Once the basic script and container were in place, I started working from inside the sandbox, using it as my development environment. This is where it gets recursive. I had the default agents build out an initial set of seven specialist agents. They wrote the agent definitions, the system prompts, the permission scoping, all of it.

Then I added the security analyst agent. And that’s when a thought occurred to me: what if I created an agent whose specialty was building agents? An agent that understood best practices for system prompt design, permission scoping, and skill authoring? So I created the agent builder — and then pointed it at the other eight agents to review and improve them.

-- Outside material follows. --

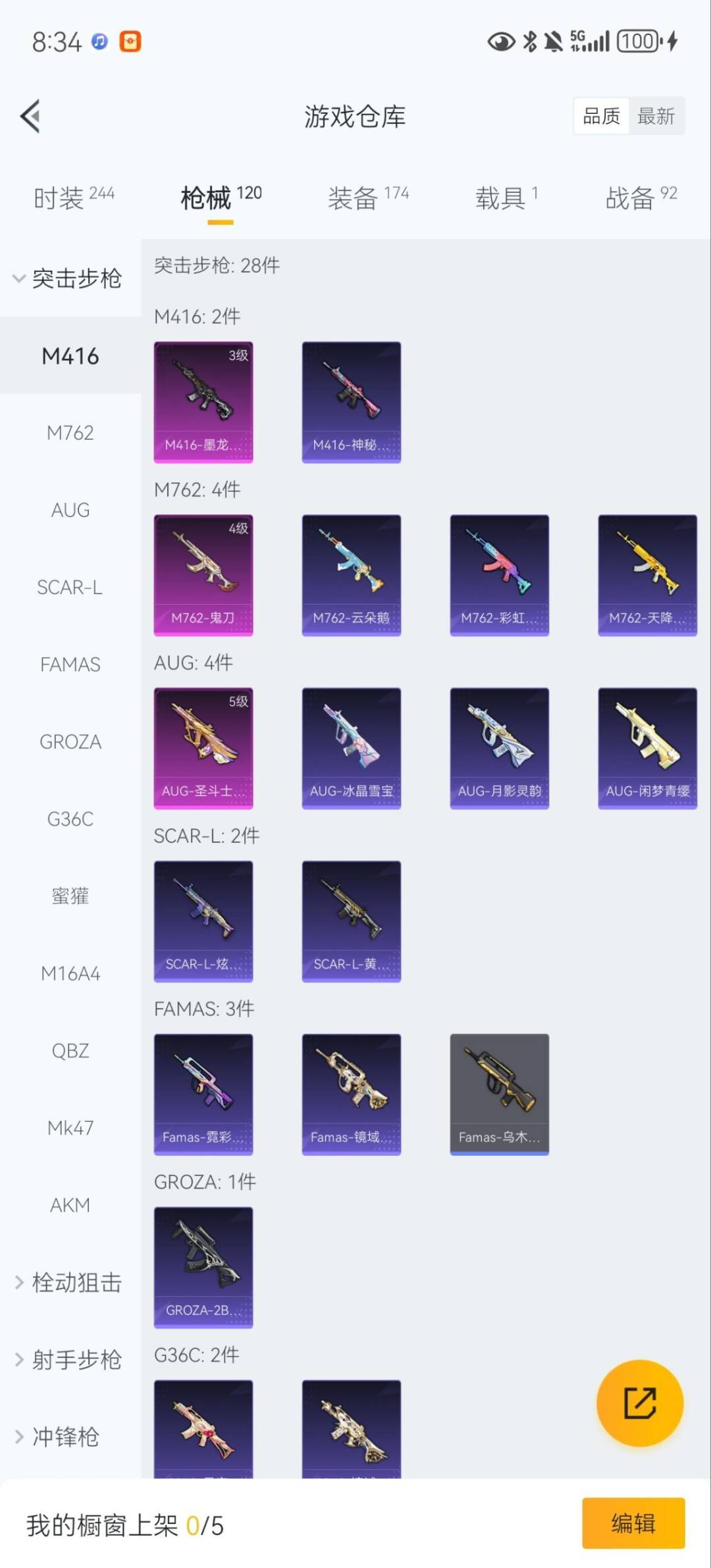 【稀有枪皮】:M762-鬼刀,AUG-圣斗士星矢,M416墨龙九天,UMP45量子极限,

I love that loop. You build a tool, use the tool to improve itself, and end up with something better than you could have designed in one pass.

When I used the system to build the new version of my website, the experience felt different from the early iterations on the sandbox itself. I wasn’t guiding as much. The agents knew their roles, stayed in their lanes, and produced work I could actually ship. That was the point where this stopped feeling like an interesting experiment and started feeling like a real environment.

Try It Yourself

If any of this sounds useful, the project is open source under the MIT license:

git clone https://github.com/crallen/opencode-sandbox.git
cd opencode-sandbox
ln -s "$(pwd)/bin/opencode-sandbox" ~/.local/bin/opencode-sandbox
ANTHROPIC_API_KEY=sk-... opencode-sandbox ~/projects/myapp

You just need Docker. If you have an API key set in your environment it will be passed through, but you can also log in to your provider directly from the TUI once it’s running. The image builds automatically on first run.

What’s Next

This project is still evolving. A few things on the roadmap: adding more language runtimes to the container so agents can actually run and test code in more stacks out of the box, making the project easy to use with Docker Compose for folks who prefer that workflow, and publishing a pre-built image so you can skip the initial build entirely.

If you try it out, I’d love to hear what works and what doesn’t. I’m using it daily and still finding things to improve.